Art Market

Picasso at Rockefeller sale goes for $115 million, placing it among the ten most expensive works sold at auction.

Nate Freeman
May 9, 2018 3:03PM

On Tuesday night in Christie’s New York sales room, Fillette à la corbeille fleurie (1905)—a masterpiece by Pablo Picasso from the collection of David Rockefeller—sold for $115 million, above its on-request estimate that was in the range of $100 million. The work was secured by Loic Gouzer, co-chairman of Post-War and Contemporary art, for the bidder on his phone for a hammer of $102 million.  

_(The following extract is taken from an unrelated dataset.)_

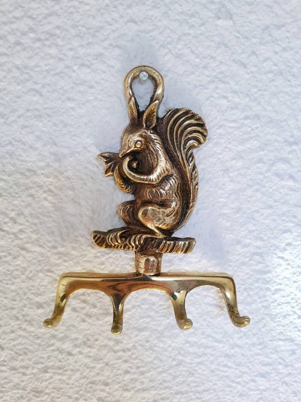 Accroche-clés mural en laiton doré – motif écureuil champêtre

The phones of the specialists on the rostrum were curiously quiet, with just one bid from Gouzer and none from Rebecca Wei, Christie’s Asia president, or Xin Li, the deputy chairman for Christie’s Asia Pacific, who had been active bidders during last night’s sale. Still, the total makes the work the second most expensive Picasso sold at auction, behind Le Femme de Algiers (Version ‘O’) which sold at Christie’s in May 2015 for $179.4 million. It is also among the ten most most expensive work ever sold at auction.

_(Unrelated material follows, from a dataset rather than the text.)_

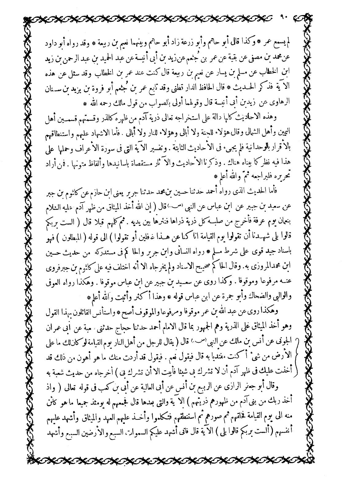 لَمْ يَسْمَعْ عُمَرَ وَكَذَا قَالَ أَبُو حَاتِمٍ وَأَبُو زُرْعَةَ زَادَ أَبُو حَاتِمٍ وَبَيْنَهُمَا نُعَيْمُ بْنُ رَبِيعَةَ وَقَدْ رَوَاهُ أَبُو دَاوُدَ عَنْ مُحَمَّدِ بْنِ مُصَفَّى عَنْ بَقِيَّةَ عَنْ عُمَرَ بن جثعم عَنْ زَيْدِ بْنِ أَبِي أُنَيْسَةَ عَنْ عَبْدِ الحميد بن عبد الرحمن بن زيد ابن الْخَطَّابِ عَنْ مُسْلِمِ بْنِ يَسَارٍ عَنْ نُعَيْمِ بْنِ رَبِيعَةَ قَالَ كُنْتُ عِنْدَ عُمَرَ بْنِ الْخَطَّابِ وَقَدْ سُئِلَ عَنْ هَذِهِ الْآيَةِ فَذَكَرَ الْحَدِيثَ قَالَ الْحَافِظُ الدَّارَقُطْنِيُّ وَقَدْ تَابَعَ عُمَرَ بن جثعم أبو فروة بن يَزِيدُ بْنُ سِنَانٍ الرَّهَاوِيُّ عَنْ زَيْدِ بْنِ أَبِي أُنَيْسَةَ قَالَ وَقَوْلُهُمَا أَوْلَى بِالصَّوَابِ مِنْ قَوْلِ مَالِكٍ رَحِمَهُ اللَّهُ وَهَذِهِ الْأَحَادِيثُ كُلُّهَا دَالَّةٌ عَلَى اسْتِخْرَاجِهِ تَعَالَى ذُرِّيَّةَ آدَمَ مِنْ ظَهْرِهِ كَالذَّرِّ وَقِسْمَتِهِمْ قِسْمَيْنِ أَهْلِ الْيَمِينِ وَأَهْلِ الشَّمَالِ وَقَالَ هَؤُلَاءِ لِلْجَنَّةِ وَلَا أُبَالِي وَهَؤُلَاءِ لِلنَّارِ وَلَا أُبَالِي. فَأَمَّا الْإِشْهَادُ عَلَيْهِمْ وَاسْتِنْطَاقُهُمْ بِالْإِقْرَارِ بِالْوَحْدَانِيَّةِ فَلَمْ يَجِئْ فِي الْأَحَادِيثِ الثَّابِتَةِ. وَتَفْسِيرُ الْآيَةِ الَّتِي فِي سُورَةِ الْأَعْرَافِ وَحَمْلُهَا عَلَى هَذَا فِيهِ نَظَرٌ كَمَا بَيَّنَّاهُ هُنَاكَ. وَذَكَرْنَا الْأَحَادِيثَ وَالْآثَارَ مُسْتَقْصَاةً بِأَسَانِيدِهَا وَأَلْفَاظِ مُتُونِهَا. فَمَنْ أَرَادَ تَحْرِيرَهُ فَلْيُرَاجِعْهُ ثَمَّ وَاللَّهُ أَعْلَمُ فَأَمَّا الْحَدِيثُ الَّذِي رَوَاهُ أَحْمَدُ حَدَّثَنَا حُسَيْنُ بْنُ مُحَمَّدٍ حَدَّثَنَا جَرِيرٌ يَعْنِي ابْنَ حَازِمٍ عن كلثوم بْنِ جُبَيْرٍ عَنْ سَعِيدِ بْنِ جُبَيْرٍ عَنِ ابْنِ عَبَّاسٍ عَنِ النَّبِيِّ صَلَّى اللَّهُ عَلَيْهِ وَسَلَّمَ قَالَ (إِنَّ اللَّهَ أَخَذَ الْمِيثَاقَ مِنْ ظَهْرِ آدَمَ عَلَيْهِ السَّلَامُ بِنُعْمَانَ يَوْمَ عَرَفَةَ فَأَخْرَجَ مِنْ صُلْبِهِ كُلَّ ذُرِّيَّةٍ ذَرَأَهَا فَنَثَرَهَا بَيْنَ يَدَيْهِ. ثُمَّ كَلَّمَهُمْ قُبُلًا قَالَ (أَلَسْتُ بِرَبِّكُمْ قالُوا بَلى شَهِدْنا أَنْ تَقُولُوا يَوْمَ الْقِيامَةِ إِنَّا كُنَّا عَنْ هَذَا غافِلِينَ أَوْ تَقُولُوا) 7: 172- 173 إِلَى قوله (الْمُبْطِلُونَ) 7: 173 فَهُوَ بِإِسْنَادٍ جَيِّدٍ قَوِيٍّ عَلَى شَرْطِ مُسْلِمٍ رَوَاهُ النَّسَائِيُّ وابْنُ جَرِيرٍ وَالْحَاكِمُ فِي مُسْتَدْرَكِهِ من حديث حسين ابن مُحَمَّدٍ الْمَرْوَزِيِّ بِهِ. وَقَالَ الْحَاكِمُ صَحِيحُ الْإِسْنَادِ وَلَمْ يُخَرِّجَاهُ إِلَّا أَنَّهُ اخْتَلَفَ فِيهِ عَلَى كُلْثُومِ بْنِ جَبْرٍ فَرَوَى عَنْهُ مَرْفُوعًا وَمَوْقُوفًا. وَكَذَا رَوَى عَنْ سَعِيدِ بْنِ جُبَيْرٍ عَنِ ابْنِ عَبَّاسٍ موقوفا. وَهَكَذَا رَوَاهُ الْعَوْفِيُّ وَالْوَالِبِيُّ وَالضَّحَّاكُ وَأَبُو جَمْرَةَ عَنِ ابْنِ عَبَّاسٍ قَوْلَهُ وَهَذَا أَكْثَرُ وَأَثْبَتُ وَاللَّهُ أَعْلَمُ وَهَكَذَا رَوَى عَنْ عَبْدِ اللَّهِ بن عمر مَوْقُوفًا وَمَرْفُوعًا وَالْمَوْقُوفُ أَصَحُّ وَاسْتَأْنَسَ الْقَائِلُونَ بِهَذَا الْقَوْلِ وَهُوَ أَخْذُ الْمِيثَاقِ عَلَى الذُّرِّيَّةِ وَهُمُ الْجُمْهُورُ بِمَا قَالَ الْإِمَامُ أَحْمَدُ حَدَّثَنَا حَجَّاجٌ حَدَّثَنِي شُعْبَةُ عَنْ أَبِي عِمْرَانَ الْجَوْنِيِّ عَنْ أَنَسِ بْنِ مَالِكٍ عَنِ النَّبِيِّ صَلَّى اللَّهُ عَلَيْهِ وَسَلَّمَ قَالَ (يُقَالُ لِلرَّجُلِ مِنْ أَهْلِ النَّارِ يَوْمَ الْقِيَامَةِ لَوْ كَانَ لَكَ مَا عَلَى الْأَرْضِ مِنْ شَيْءٍ أَكُنْتَ مُفْتَدِيًا بِهِ قَالَ فَيَقُولُ نَعَمْ. فَيَقُولُ قَدْ أَرَدْتُ مِنْكَ مَا هُوَ أَهْوَنُ مِنْ ذَلِكَ قَدْ أَخَذْتُ عَلَيْكَ فِي ظَهْرِ آدَمَ أَنْ لَا تُش

The Picasso comes with an impeccable provenance: It was the first work by Picasso purchased by the writer Gertrude Stein and her brother, Leo, and many say the first major sale of his young career. The pair would go on to become one of the artist’s most important collectors and champions, but at the time Gertrude was no fan of the work—her and Leo got in a vicious fight over whether or not to by it, as depicted in Stein’s book, The Autobiography of Alice B. Toklas. “Gertrude Stein did not like the picture, she found something rather appalling in the drawing of the legs and feet, something that repelled and shocked her,” Stein wrote (the novel is written from the perspective of Toklas, Stein’s partner.) But Leo eventually swayed his sister, and they purchased the painting for 150 francs.

Upon Toklas’s death in 1967, the trustees of the Museum of Modern Art drew straws to see who would have first pick of the collection, and when David Rockefeller won, he chose the Picasso of the young girl holding the flowers. It remained in the library of his family’s mansion on 65th Street for decades.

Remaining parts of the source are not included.